How to select a Risk Response Strategy?
Sounds difficult and complex, isn’t it?
But let me simplify it for you in this articles.
Project Risk Management Overview
Here is what you need to know:
Risk Response Strategy or Risk Response Plan is not something from an enterprise world.
It is just a way to describe and classify actions you can take in regards to a risk. For sure it is not something I recommend to skip.
In fact, there are not many options here. You can:
- Do something to eliminates a risk before it happens.
- Do something to reduce the probability and/or impact of a risk.
- For risks you cannot eliminate or do not want to spend efforts you can try to do something when the risks happen.
What are the best risk responses?
- Responses must be timely. They should eliminate or mitigate a risk before it happens.
- Responses should be appropriate to the level of a threat or opportunity
- They should be developed with the team and stakeholders. The best risk responses are generated in close collaboration with as many experts as practical.
By PMBOK® Guide the process is called Plan Risk Responses.
Risk Response Planning is the process of identifying what you are going to do with each risk.
Should we really do something with each risk?
No, you cannot eliminate all the risks. It is barely possible, and for sure it is unpractical. You do need to operate within your constraints of budget, time, and scope. Alternatively, you may have a specific budget for risk management.
Also, you need to understand this. Your risk management efforts are a part of your project plan. It is not something standalone. Some risk response plans may require modifying your WBS or project schedule.
Here is another important concept. Every action has consequences. Therefore, by eliminating one risk quite often, you can introduce new ones.
There are two types of risks you need to be aware of:
1. Secondary Risks – any new risks created by implementation of a risk response plan.
2. Residual Risks – these are the risks that remain after implementation of all risk response plans. They should be properly documented and communicated to stakeholders. Since you will do nothing with this risks.
How Does it Happen?
First of all, you need to identify top risks that warrant a response.
Next, you need to work with your team and stakeholders to develop possible options for risk responses for each risk. It means that each risk will require either some extra work, some action or decision, or reserves of time and money.
It will help you to know risk tolerance and thresholds to develop the most appropriate responses.
Then you need to communicate these options to sponsor, customer, and some key stakeholders. You may need to get their approval. At least you must inform them.
Once everyone agrees to the suggested risk response plans, make them a part of your project management plan.
“The key benefit of this process is that it addresses the risks by their priority, inserting resources and activities in budget, schedule and project management plan as need.” – PMBOK Guide.
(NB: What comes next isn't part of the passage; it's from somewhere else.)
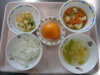 麻婆豆腐 小松菜サラダ 白菜と春雨のスープ ごはん みかん |
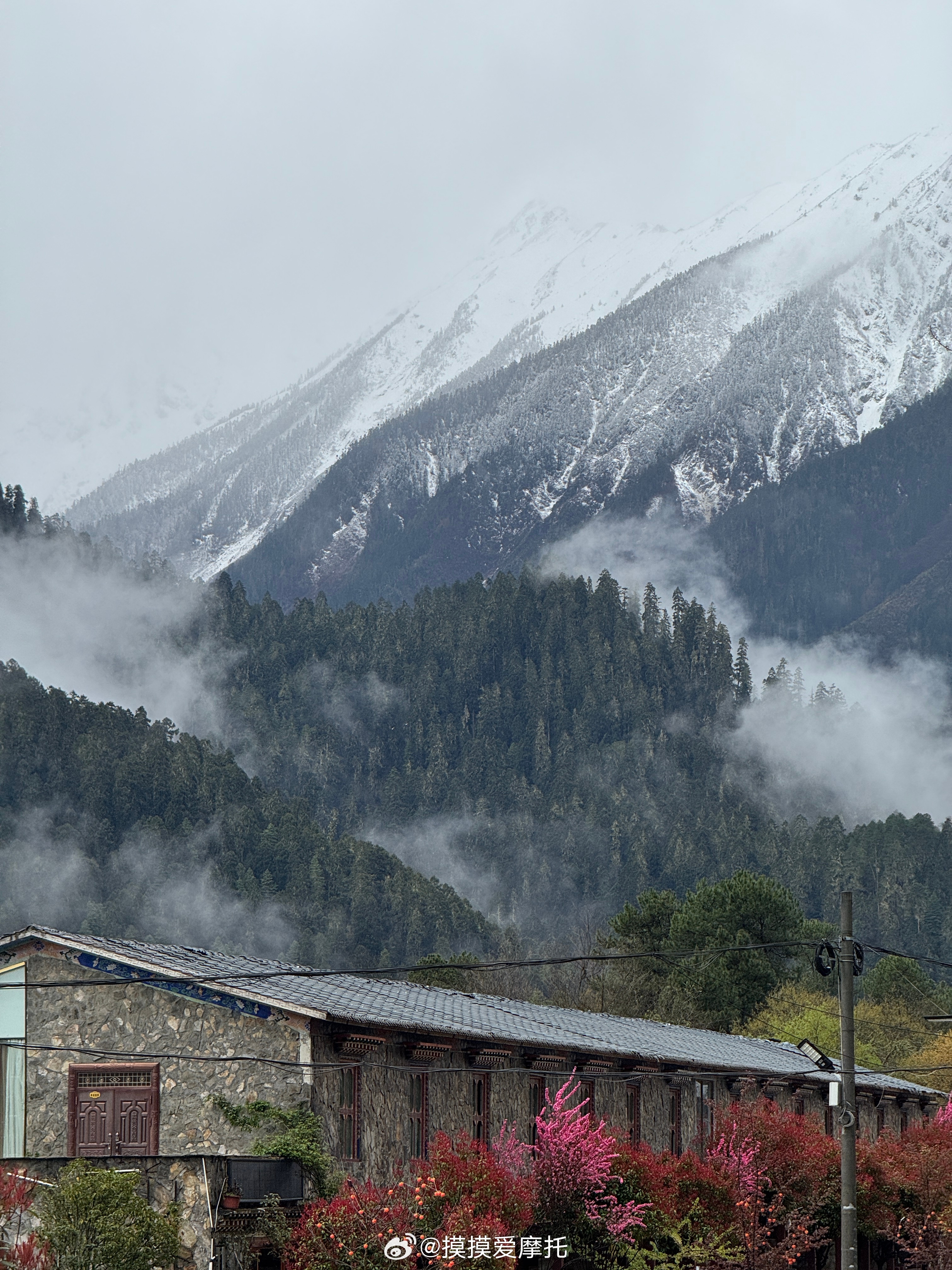 和摸摸去摩旅 昨天下午又下雨了,一路淋到古乡湖,路边随便找了个客栈,今天准备从波密松宗镇走一条新路去昌都,去看看路况如何!

Now you need to review the plan and identify secondary and residual risks. You may need to repeat the whole risk management process several times until you get a satisfactory plan.
Risk Response Strategies
Examples of Responses to Threats
Avoid – It means you need to do something to eliminate the cause of the threat:
- Remove a work package or delivery from WBS to secure delivery of the rest of the project.
- Remove a conflicting team member to stop demotivation in the team.
- Forbid any work in bad weather to avoid the risk that someone will get hurt.
Mitigate – Do something to reduce the impact or the probability of a threat:
- Prototype unclear or risk delivery early on to get early feedback from a customer.
- Plan frequent visits to a vendor to learn about problems as early as possible.
- Train the team in risk management approach.
Transfer – Take action to make another party responsible for the risk:
- Outsource part of a project.
- Buy insurance on the property.
- Employ a part-time legal or procurement expert.
Actively Accept – It means that you need to develop a (contingency) plan and make reserves for a risk. However, you will only act if and when the risk happens.
- If a critical person gets sick – we will get a substitution.
- If work package takes more time, we will work overtime.
- If the equipment breaks, we will buy a new one using reserves.
Passively Accept – Do really nothing. If a risk happens, you will need to decide if there is a workaround.
Examples of Responses for Opportunities
Exploit – Do some extra work or change the project plan to make an opportunity happen:
- Plan risky work packages for the most experienced team members.
- Suggest a better approach to reduce the required efforts.
- Suggest a solution to get a new contract from the client.
- Finish current project earlier to get another project.
Enhance – Do something to increase chances or impact of an opportunity:
- Buy the equipment beforehand when the price is lower.
- Negotiate the transfer of exceptional expert to your team as early as possible.
- Promise incentives to the team to finish a project beforehand to start a new one.
Share – Share benefits with another party for an opportunity to happen for both of you.
- Create a partnership with a third part to achieve your goals.
You can Actively and Passively Accept opportunities as well as threats.
Additional Secret Risk Response Strategy
There is one more risk response strategy. Moreover, I hope it will become official one day.
Escalate – Do something to get engagement from a stakeholder who can eliminate or mitigate a risk.
There is a group of risks that you can’t handle. However, there is a person who relatively easy can. So, you just need to reach him and get some of his attention.
That is all for today. It was not too hard, I believe. This approach gives a limited number of options. Nevertheless, it provides a robust framework to deal with risks. So you don’t need to invent the wheel.